DR: Do you believe that we are alone in the universe or that life exists on other planets?

Ed: Life does exist on other planets. Fact.

DR: What is your relationship with David Tibet? How did you first meet him?

Ed: Davidīs a dear friend. I met him through Steve Stapleton back in ‘82.

DR: Do you have a pre-written story that you tell at shows or do you just improvise?

Ed: Always better to improvise. Keeps the mind active.

DR: Do you have a favorite story that you've told?

Ed: Maybe that thing about the talking cigarette.

DR: Do you ever write stories or other pieces not intended to be set to music?

Ed: Here and there, eventually there will be a book.

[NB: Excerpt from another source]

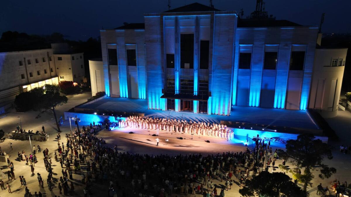 Per l’occasione è stato inaugurato il videomapping “Forme e colori di una scoperta” ispirato alla scoperta del bosone di Higgs, avvenuta nel 2012 al CERN di Ginevra e premiata con il Nobel per la Fisica nel 2013 ai fisici che ne avevano teorizzato l’esistenza. Il videomapping, curato dall’Istituto Nazionale di Fisica Nucleare (INFN) e realizzato da Luca Agnani Studio, è stato pensato in occasione del convegno ”Open Symposium on the European Strategy for Particle Physics – 2026 Update”, organizzato dal CERN e dall’INFN e tenutosi proprio all’interno del Palazzo del Casinò. Alla prima serata di proiezione il videomapping ha fatto così da quinta teatrale nel modulare gli effetti di luce del concerto-spettacolo della formazione corale veneziana, per poi restare proiettato ogni sera fino a giovedì 26 illuminando esternamente la facciata del Palazzo del Casinò, che ha preso i colori e le sembianze degli strumenti che sono stati costruiti per realizzare questa impresa scientifica: dal più potente acceleratore di particelle al mondo, il Large Hadron Collider, ai rivelatori ATLAS e CMS grandi come cattedrali. La caccia al bosone di Higgs è durata quasi cinquant’anni ed è stata possibile solo grazie all’impegno di decine di Paesi, centinaia di Istituzioni scientifiche e migliaia di persone, a cui l’Italia ha contribuito con il lavoro della comunità scientifica dell’INFN.

DR: Have you ever done any work on movie soundtracks? Would it be something you'd be interested in doing?

Ed: Iīd love to, but nobody asked yet. Alas.

DR: I'm not aware of any videos you have done for any of your songs, be it LPD, Tear Garden, your solo work etc. Have you made any? Are there any plans to make any?

Ed: "Siren" from 9 Lives had a video clip, but it was awful. Unbroadcastable too for various reasons.

DR: Based on the amount of material you release you must all but live in your recording studio. What do you do other than tour and record?

Ed: Read, listen to music. Time with my family.

DR: I have heard that you are a long time vegetarian. What made you decide not to be carnivorous?

Ed: Quite simply, I like animals too much to eat them.